**Data for processing:**
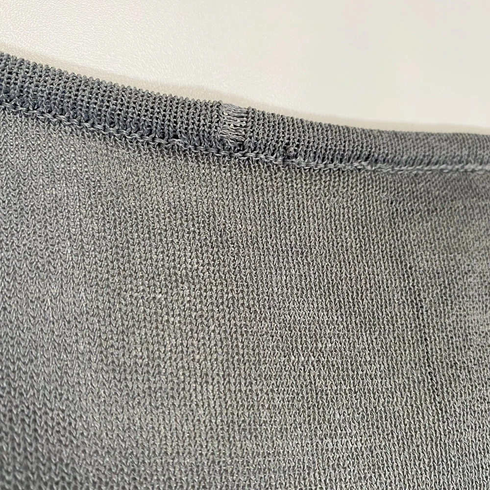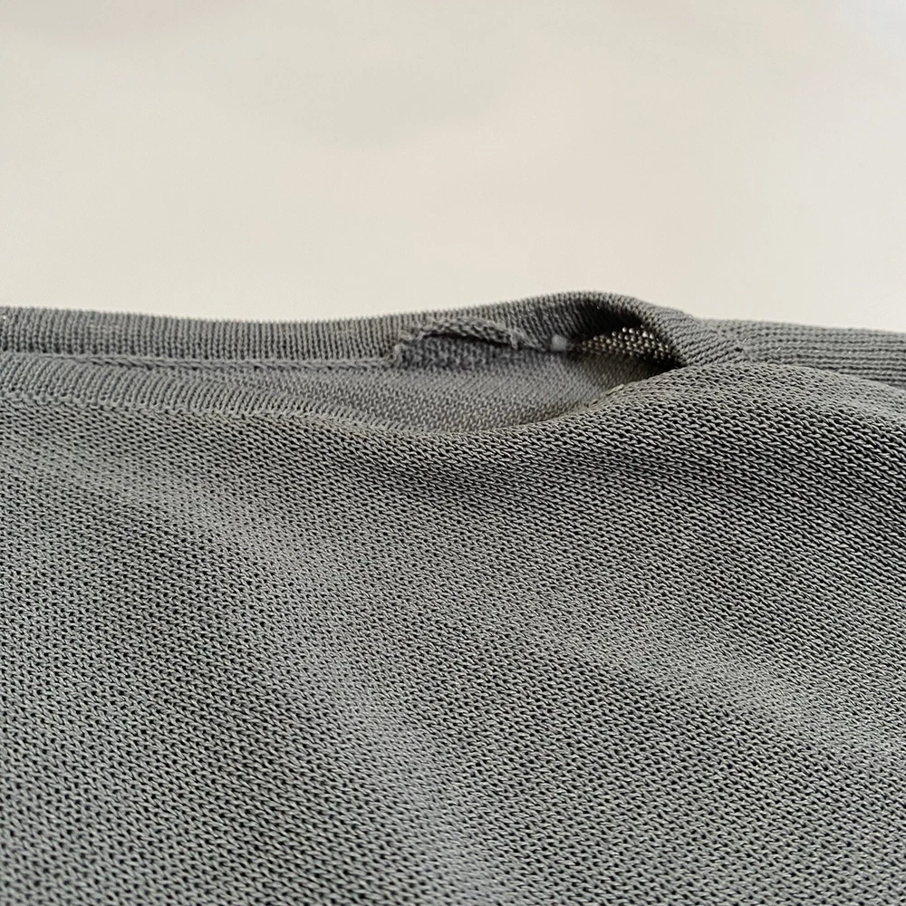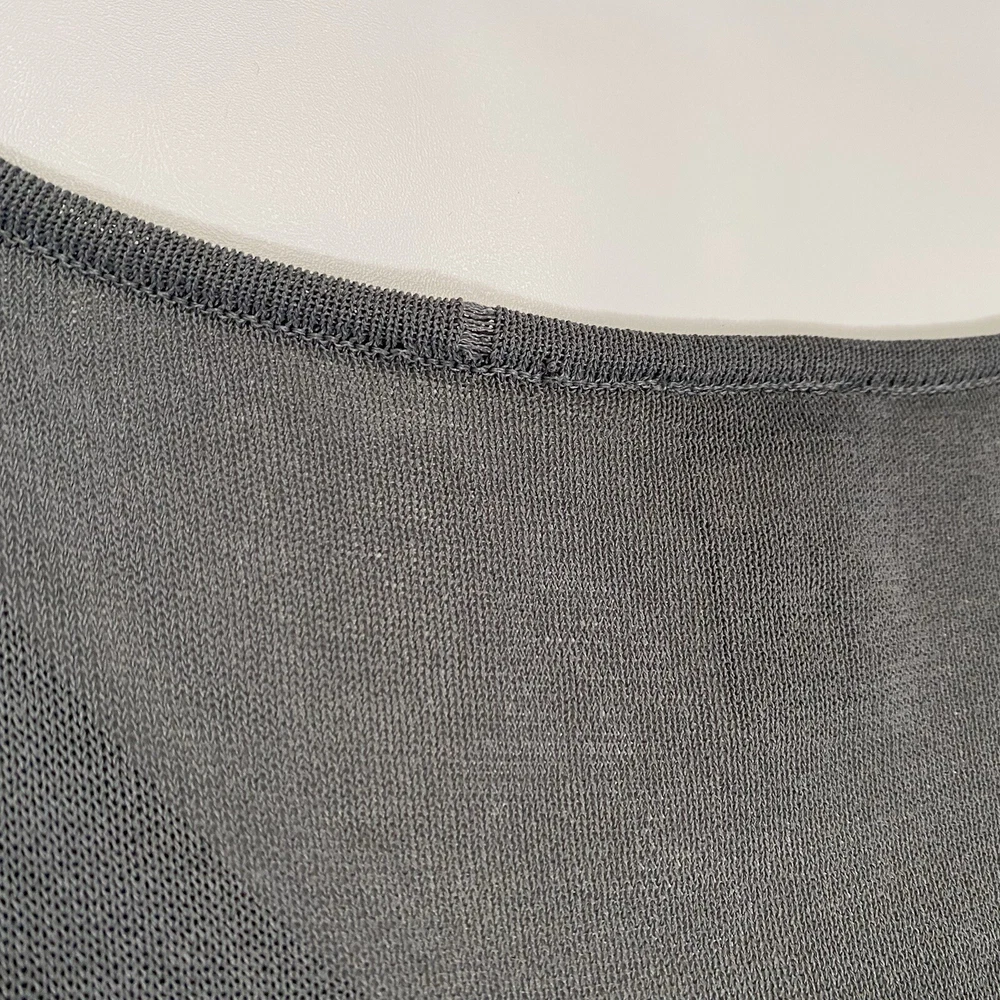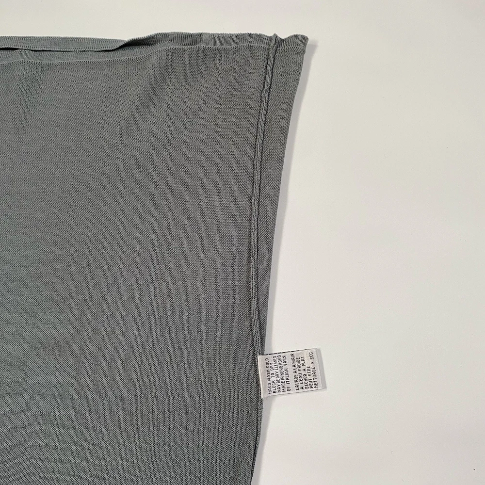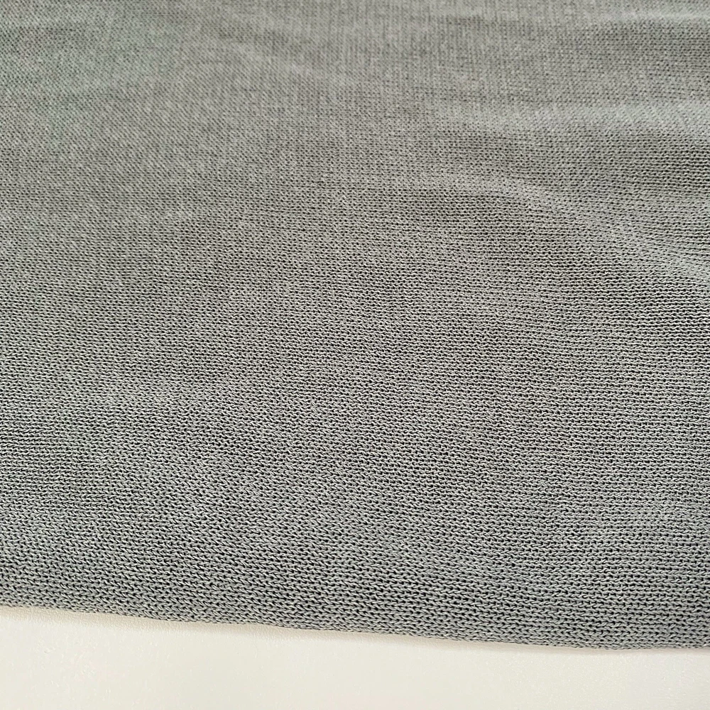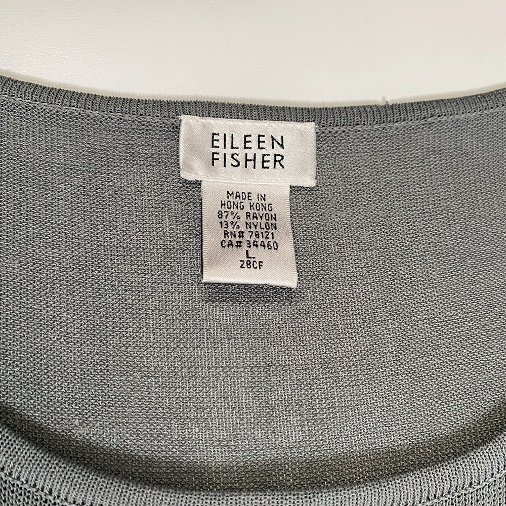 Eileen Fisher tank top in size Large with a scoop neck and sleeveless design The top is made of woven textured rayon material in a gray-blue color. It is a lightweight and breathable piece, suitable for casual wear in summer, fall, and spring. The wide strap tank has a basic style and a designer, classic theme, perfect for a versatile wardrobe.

==

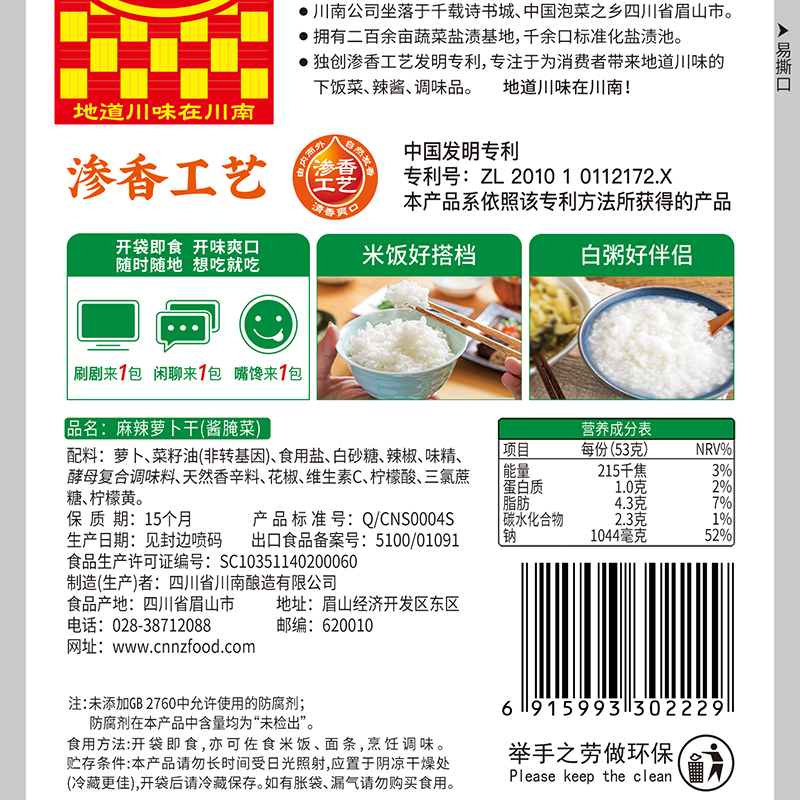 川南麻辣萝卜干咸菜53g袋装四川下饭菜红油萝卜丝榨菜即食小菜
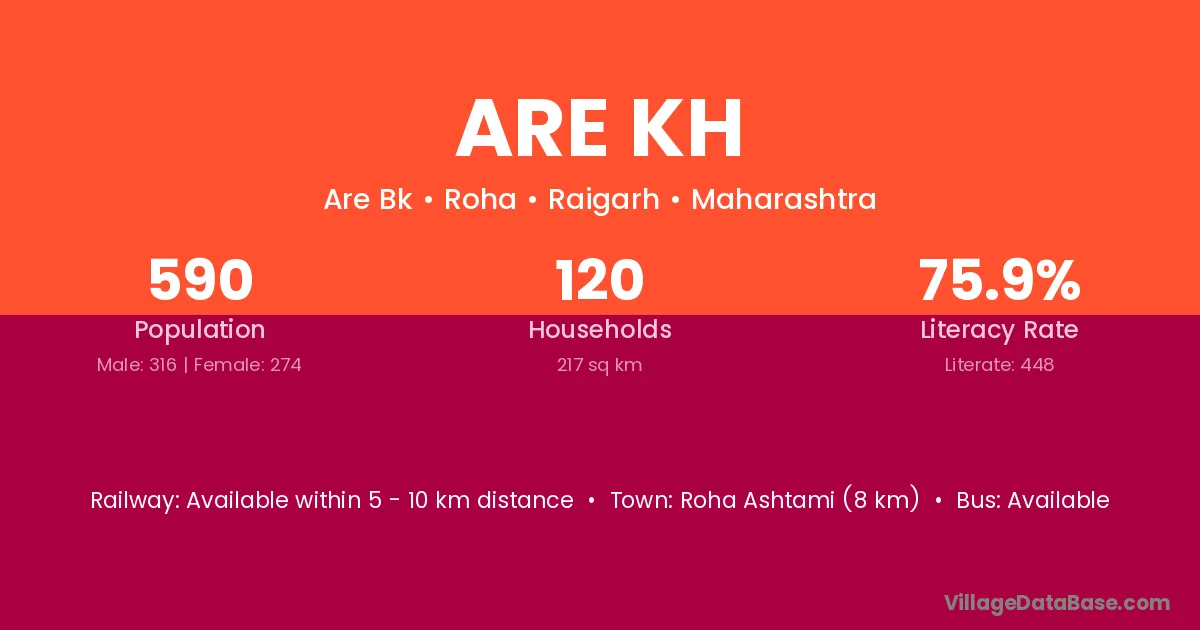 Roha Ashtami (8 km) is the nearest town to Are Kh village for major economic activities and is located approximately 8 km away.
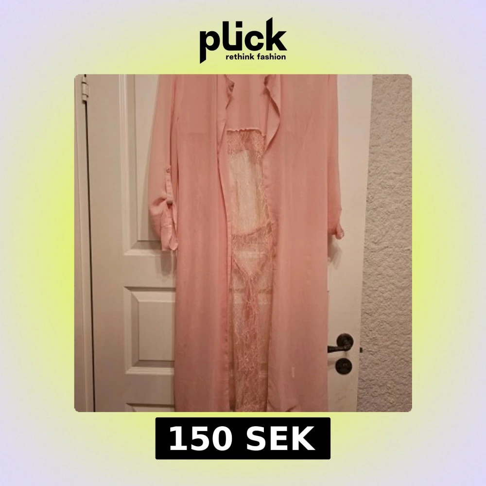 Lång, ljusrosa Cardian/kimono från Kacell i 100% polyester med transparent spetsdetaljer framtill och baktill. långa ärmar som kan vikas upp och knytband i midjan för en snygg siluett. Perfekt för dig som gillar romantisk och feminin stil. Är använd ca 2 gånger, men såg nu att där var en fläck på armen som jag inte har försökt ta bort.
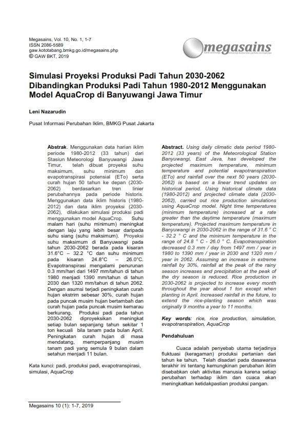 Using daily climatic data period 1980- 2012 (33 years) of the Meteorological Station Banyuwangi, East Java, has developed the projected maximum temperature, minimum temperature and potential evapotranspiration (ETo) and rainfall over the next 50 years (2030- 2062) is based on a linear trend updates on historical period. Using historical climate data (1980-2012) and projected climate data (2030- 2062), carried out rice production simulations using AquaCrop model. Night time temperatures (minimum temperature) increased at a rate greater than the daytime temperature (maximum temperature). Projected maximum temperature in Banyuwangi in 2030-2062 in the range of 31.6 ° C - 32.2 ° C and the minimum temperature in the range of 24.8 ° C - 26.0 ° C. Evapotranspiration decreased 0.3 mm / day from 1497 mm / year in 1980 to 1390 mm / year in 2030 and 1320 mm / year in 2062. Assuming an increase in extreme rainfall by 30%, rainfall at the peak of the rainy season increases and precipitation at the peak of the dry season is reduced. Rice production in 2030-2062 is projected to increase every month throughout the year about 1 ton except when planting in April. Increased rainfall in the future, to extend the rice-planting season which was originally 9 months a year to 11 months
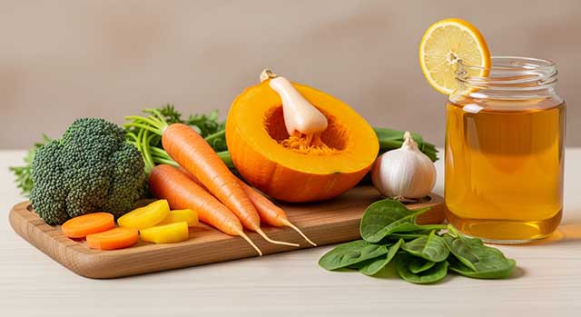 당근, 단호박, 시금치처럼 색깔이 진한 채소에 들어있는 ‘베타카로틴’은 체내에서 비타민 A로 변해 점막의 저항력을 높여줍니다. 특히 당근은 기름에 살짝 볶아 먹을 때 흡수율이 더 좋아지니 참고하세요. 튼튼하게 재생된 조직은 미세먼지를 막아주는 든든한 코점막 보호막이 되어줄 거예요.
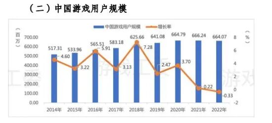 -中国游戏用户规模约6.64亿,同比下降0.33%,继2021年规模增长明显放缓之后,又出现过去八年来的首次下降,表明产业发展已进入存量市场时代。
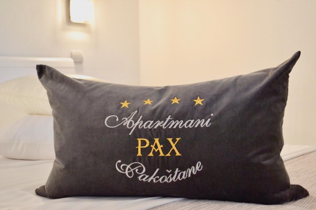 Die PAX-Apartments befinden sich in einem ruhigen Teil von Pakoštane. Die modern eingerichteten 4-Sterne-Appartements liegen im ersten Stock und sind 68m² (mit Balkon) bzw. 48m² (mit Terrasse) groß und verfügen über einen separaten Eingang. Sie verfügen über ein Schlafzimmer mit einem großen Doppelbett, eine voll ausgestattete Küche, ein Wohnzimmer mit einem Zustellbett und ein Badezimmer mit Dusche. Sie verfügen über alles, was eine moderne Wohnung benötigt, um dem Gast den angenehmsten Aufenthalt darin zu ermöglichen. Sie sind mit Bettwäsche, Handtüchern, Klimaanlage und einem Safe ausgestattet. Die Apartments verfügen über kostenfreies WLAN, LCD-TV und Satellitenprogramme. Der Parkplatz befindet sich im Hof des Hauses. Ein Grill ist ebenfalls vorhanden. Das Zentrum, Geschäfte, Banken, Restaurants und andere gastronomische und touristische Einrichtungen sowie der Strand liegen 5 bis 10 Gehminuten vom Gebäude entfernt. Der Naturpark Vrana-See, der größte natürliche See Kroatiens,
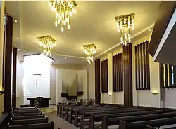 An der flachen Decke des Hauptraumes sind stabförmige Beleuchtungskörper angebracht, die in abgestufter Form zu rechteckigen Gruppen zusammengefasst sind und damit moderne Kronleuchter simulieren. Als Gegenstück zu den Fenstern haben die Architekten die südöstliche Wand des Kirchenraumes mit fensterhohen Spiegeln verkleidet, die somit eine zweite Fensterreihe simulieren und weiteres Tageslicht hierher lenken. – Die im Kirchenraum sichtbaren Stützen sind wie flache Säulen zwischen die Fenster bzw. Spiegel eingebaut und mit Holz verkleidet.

**Exercise directions:** Above are the records; please give again, exactly and in full, only the lines that run from the line with "Using daily climatic" through the line with "-中国游戏用户规模约6.64", with no pictures.

**Answer to this exercise:**
 Using daily climatic data period 1980- 2012 (33 years) of the Meteorological Station Banyuwangi, East Java, has developed the projected maximum temperature, minimum temperature and potential evapotranspiration (ETo) and rainfall over the next 50 years (2030- 2062) is based on a linear trend updates on historical period. Using historical climate data (1980-2012) and projected climate data (2030- 2062), carried out rice production simulations using AquaCrop model. Night time temperatures (minimum temperature) increased at a rate greater than the daytime temperature (maximum temperature). Projected maximum temperature in Banyuwangi in 2030-2062 in the range of 31.6 ° C - 32.2 ° C and the minimum temperature in the range of 24.8 ° C - 26.0 ° C. Evapotranspiration decreased 0.3 mm / day from 1497 mm / year in 1980 to 1390 mm / year in 2030 and 1320 mm / year in 2062. Assuming an increase in extreme rainfall by 30%, rainfall at the peak of the rainy season increases and precipitation at the peak of the dry season is reduced. Rice production in 2030-2062 is projected to increase every month throughout the year about 1 ton except when planting in April. Increased rainfall in the future, to extend the rice-planting season which was originally 9 months a year to 11 months
 당근, 단호박, 시금치처럼 색깔이 진한 채소에 들어있는 ‘베타카로틴’은 체내에서 비타민 A로 변해 점막의 저항력을 높여줍니다. 특히 당근은 기름에 살짝 볶아 먹을 때 흡수율이 더 좋아지니 참고하세요. 튼튼하게 재생된 조직은 미세먼지를 막아주는 든든한 코점막 보호막이 되어줄 거예요.
 -中国游戏用户规模约6.64亿,同比下降0.33%,继2021年规模增长明显放缓之后,又出现过去八年来的首次下降,表明产业发展已进入存量市场时代。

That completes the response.